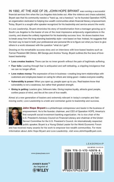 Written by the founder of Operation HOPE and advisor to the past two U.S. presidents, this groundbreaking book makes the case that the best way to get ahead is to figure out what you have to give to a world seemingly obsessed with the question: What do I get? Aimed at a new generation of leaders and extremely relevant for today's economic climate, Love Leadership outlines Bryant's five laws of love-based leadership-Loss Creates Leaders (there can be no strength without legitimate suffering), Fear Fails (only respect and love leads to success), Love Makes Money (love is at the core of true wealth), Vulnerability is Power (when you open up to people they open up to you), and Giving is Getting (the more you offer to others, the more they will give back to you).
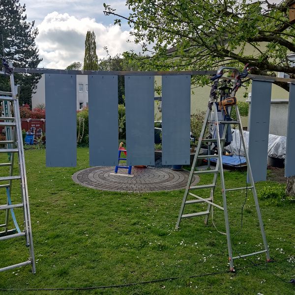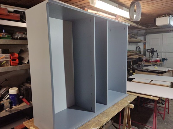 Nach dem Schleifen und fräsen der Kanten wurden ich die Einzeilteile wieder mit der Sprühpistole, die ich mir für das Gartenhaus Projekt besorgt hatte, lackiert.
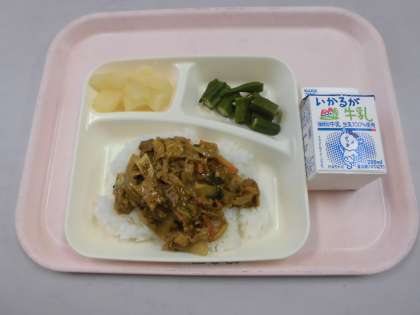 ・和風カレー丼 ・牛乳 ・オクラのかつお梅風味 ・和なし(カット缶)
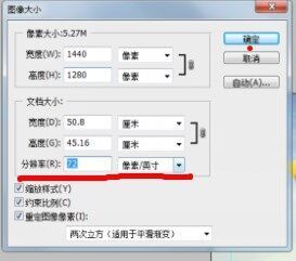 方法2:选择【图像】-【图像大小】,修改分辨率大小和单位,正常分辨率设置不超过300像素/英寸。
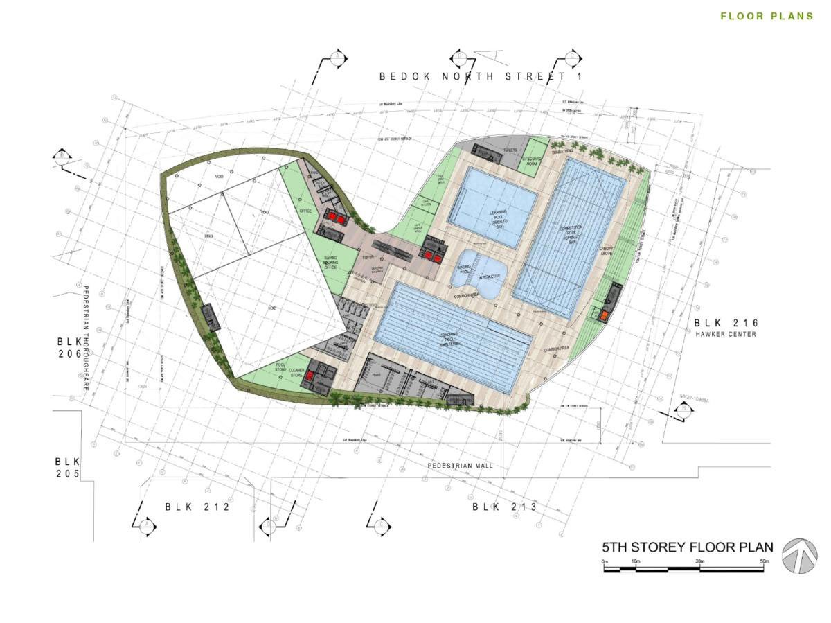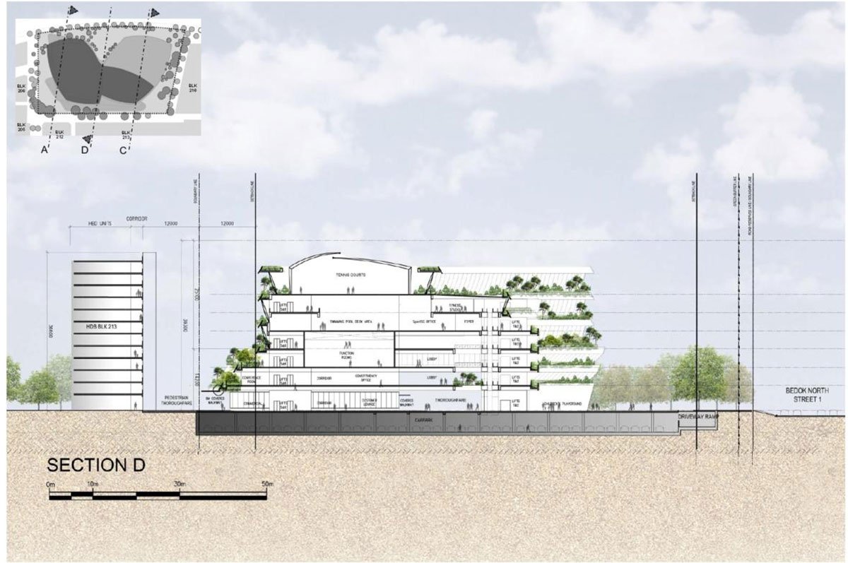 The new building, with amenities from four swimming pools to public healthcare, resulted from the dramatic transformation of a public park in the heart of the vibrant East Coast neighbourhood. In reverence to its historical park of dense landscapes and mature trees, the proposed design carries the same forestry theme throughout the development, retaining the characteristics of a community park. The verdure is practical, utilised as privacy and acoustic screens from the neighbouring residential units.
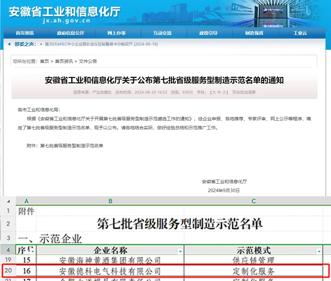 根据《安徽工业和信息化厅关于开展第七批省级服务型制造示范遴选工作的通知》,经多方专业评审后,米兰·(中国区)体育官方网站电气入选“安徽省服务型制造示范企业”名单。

▸ **Your assignment**
Give the data again exactly as it stands, apart from the pictures.

▸ **Answer**
 Written by the founder of Operation HOPE and advisor to the past two U.S. presidents, this groundbreaking book makes the case that the best way to get ahead is to figure out what you have to give to a world seemingly obsessed with the question: What do I get? Aimed at a new generation of leaders and extremely relevant for today's economic climate, Love Leadership outlines Bryant's five laws of love-based leadership-Loss Creates Leaders (there can be no strength without legitimate suffering), Fear Fails (only respect and love leads to success), Love Makes Money (love is at the core of true wealth), Vulnerability is Power (when you open up to people they open up to you), and Giving is Getting (the more you offer to others, the more they will give back to you).
 Nach dem Schleifen und fräsen der Kanten wurden ich die Einzeilteile wieder mit der Sprühpistole, die ich mir für das Gartenhaus Projekt besorgt hatte, lackiert.
 ・和風カレー丼 ・牛乳 ・オクラのかつお梅風味 ・和なし(カット缶)
 方法2:选择【图像】-【图像大小】,修改分辨率大小和单位,正常分辨率设置不超过300像素/英寸。
 The new building, with amenities from four swimming pools to public healthcare, resulted from the dramatic transformation of a public park in the heart of the vibrant East Coast neighbourhood. In reverence to its historical park of dense landscapes and mature trees, the proposed design carries the same forestry theme throughout the development, retaining the characteristics of a community park. The verdure is practical, utilised as privacy and acoustic screens from the neighbouring residential units.
 根据《安徽工业和信息化厅关于开展第七批省级服务型制造示范遴选工作的通知》,经多方专业评审后,米兰·(中国区)体育官方网站电气入选“安徽省服务型制造示范企业”名单。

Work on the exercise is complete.